* **Assignment**
Output the whole listing exactly, with no pictures.

* **Data shown**
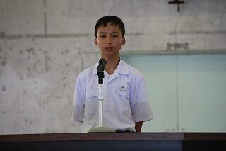 始業式では、1年 工藤一真君、2年 谷端天然君、
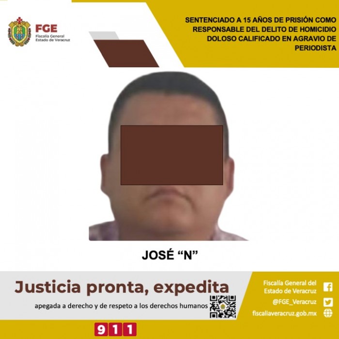 Xalapa, Ver.- La Fiscalía General del Estado, a través de la Fiscalía de Investigaciones Ministeriales, logró sentencia condenatoria de 15 años de prisión en contra de José “N” como responsable del delito de homicidio doloso calificado, cometido en agravio de la periodista María Elena Ferral Hernández. Hechos suscitados el 30 de marzo de 2020 en el municipio de Papantla, cuando participó en los hechos en los que se privó de la vida a la víctima. El juez además de dictar sentencia suspendió sus derechos civiles y políticos, dentro del proceso penal J-27/2023.
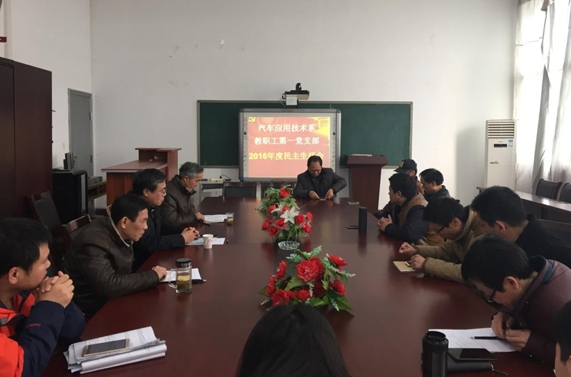 根据学院党委和汽车应用技术系党总支的统一部署,元月12日下午,汽车应用技术系教工第一党支部在工程楼会议室召开组织生活会议,就深入贯彻学习党的十八届六中全会精神,结合“两学一做”和“讲看齐、见行动”学习教育的要求,紧紧聚焦“党员的先锋模范作用”,开展党性分析,通过自我省视、自我调整,自我教育、自我提高、自我完善、总结经验,找出差距,进一步提高思想认识和工作能力。学院党委委员、纪委书记金辉同志,汽车应用技术系教工第一党支部全体党员参加会议。会议由教工第一党支部书记胡木林同志主持。
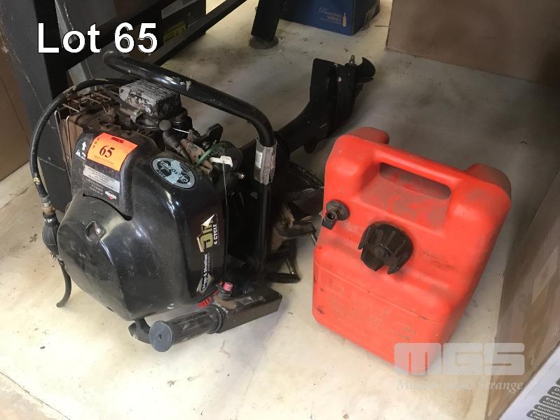 BRIGGS & STRATTON OUTBOARD MOTOR, 5HP, 4 STROKE & MARINE FUEL CAN

* **Response to this task**
 始業式では、1年 工藤一真君、2年 谷端天然君、
 Xalapa, Ver.- La Fiscalía General del Estado, a través de la Fiscalía de Investigaciones Ministeriales, logró sentencia condenatoria de 15 años de prisión en contra de José “N” como responsable del delito de homicidio doloso calificado, cometido en agravio de la periodista María Elena Ferral Hernández. Hechos suscitados el 30 de marzo de 2020 en el municipio de Papantla, cuando participó en los hechos en los que se privó de la vida a la víctima. El juez además de dictar sentencia suspendió sus derechos civiles y políticos, dentro del proceso penal J-27/2023.
 根据学院党委和汽车应用技术系党总支的统一部署,元月12日下午,汽车应用技术系教工第一党支部在工程楼会议室召开组织生活会议,就深入贯彻学习党的十八届六中全会精神,结合“两学一做”和“讲看齐、见行动”学习教育的要求,紧紧聚焦“党员的先锋模范作用”,开展党性分析,通过自我省视、自我调整,自我教育、自我提高、自我完善、总结经验,找出差距,进一步提高思想认识和工作能力。学院党委委员、纪委书记金辉同志,汽车应用技术系教工第一党支部全体党员参加会议。会议由教工第一党支部书记胡木林同志主持。
 BRIGGS & STRATTON OUTBOARD MOTOR, 5HP, 4 STROKE & MARINE FUEL CAN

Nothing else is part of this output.